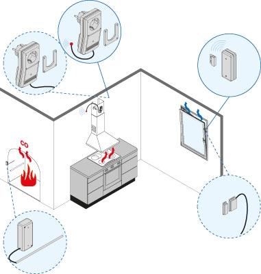 - Der Funk- Temperatursensor ist integrierbar in das Funksystem des Fensterkontaktschalters. Dabei wird über die Temperatur der Betriebszustand des Kamins überwacht. Nur bei brennendem Kamin muss eine Fensteröffnung erfolgen, während die Dunstabzugshaube aktiv ist. Somit entfällt die strickte Kopplung von aktiver Dunstabzugshaube und geöffnetem Fenster. Der Temperatursensor ist geeignet für den Einbau in geschlossenen und trockenen Wohnräumen.
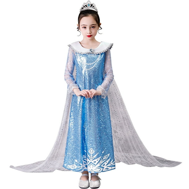 Disney Frozen Girls Elsa Costume Blue Snow Queen Princess Dress Up With Long Train Halloween Christmas Party Sequined Cosplay Princess Dress Princess Dress Upelsa Costume Aliexpress
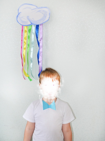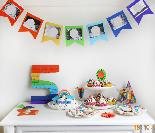 Он с нетерпением ждал гостей.Было 7 человек.я попросила всех детей одеть белые футболки,припасла для них бумажные галстуки-бабочки,на фото их видно,они лежат на комоде, как раз по цветам радуги.Прицепила их детям)).Комнату немного украсила,сделала бумажные облака с радужным дождем из лент,к сожалению меня не оказалось всех нужных цветов,но нужный образ получился)).Цифра 5 радужная.Цветные колпачки.
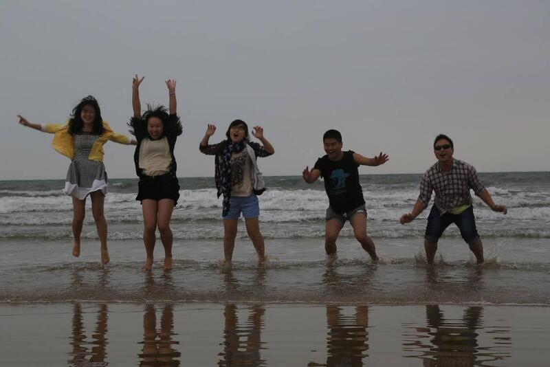 接下來是海濱浴場,脫掉鞋子零距離的接觸大海,感覺太high,瞧這群孩子是不是瘋了?各種雷人的姿勢,各種開懷的笑容!

*****

Restate the listing word for word, pictures excluded.

 - Der Funk- Temperatursensor ist integrierbar in das Funksystem des Fensterkontaktschalters. Dabei wird über die Temperatur der Betriebszustand des Kamins überwacht. Nur bei brennendem Kamin muss eine Fensteröffnung erfolgen, während die Dunstabzugshaube aktiv ist. Somit entfällt die strickte Kopplung von aktiver Dunstabzugshaube und geöffnetem Fenster. Der Temperatursensor ist geeignet für den Einbau in geschlossenen und trockenen Wohnräumen.
 Disney Frozen Girls Elsa Costume Blue Snow Queen Princess Dress Up With Long Train Halloween Christmas Party Sequined Cosplay Princess Dress Princess Dress Upelsa Costume Aliexpress
 Он с нетерпением ждал гостей.Было 7 человек.я попросила всех детей одеть белые футболки,припасла для них бумажные галстуки-бабочки,на фото их видно,они лежат на комоде, как раз по цветам радуги.Прицепила их детям)).Комнату немного украсила,сделала бумажные облака с радужным дождем из лент,к сожалению меня не оказалось всех нужных цветов,но нужный образ получился)).Цифра 5 радужная.Цветные колпачки.
 接下來是海濱浴場,脫掉鞋子零距離的接觸大海,感覺太high,瞧這群孩子是不是瘋了?各種雷人的姿勢,各種開懷的笑容!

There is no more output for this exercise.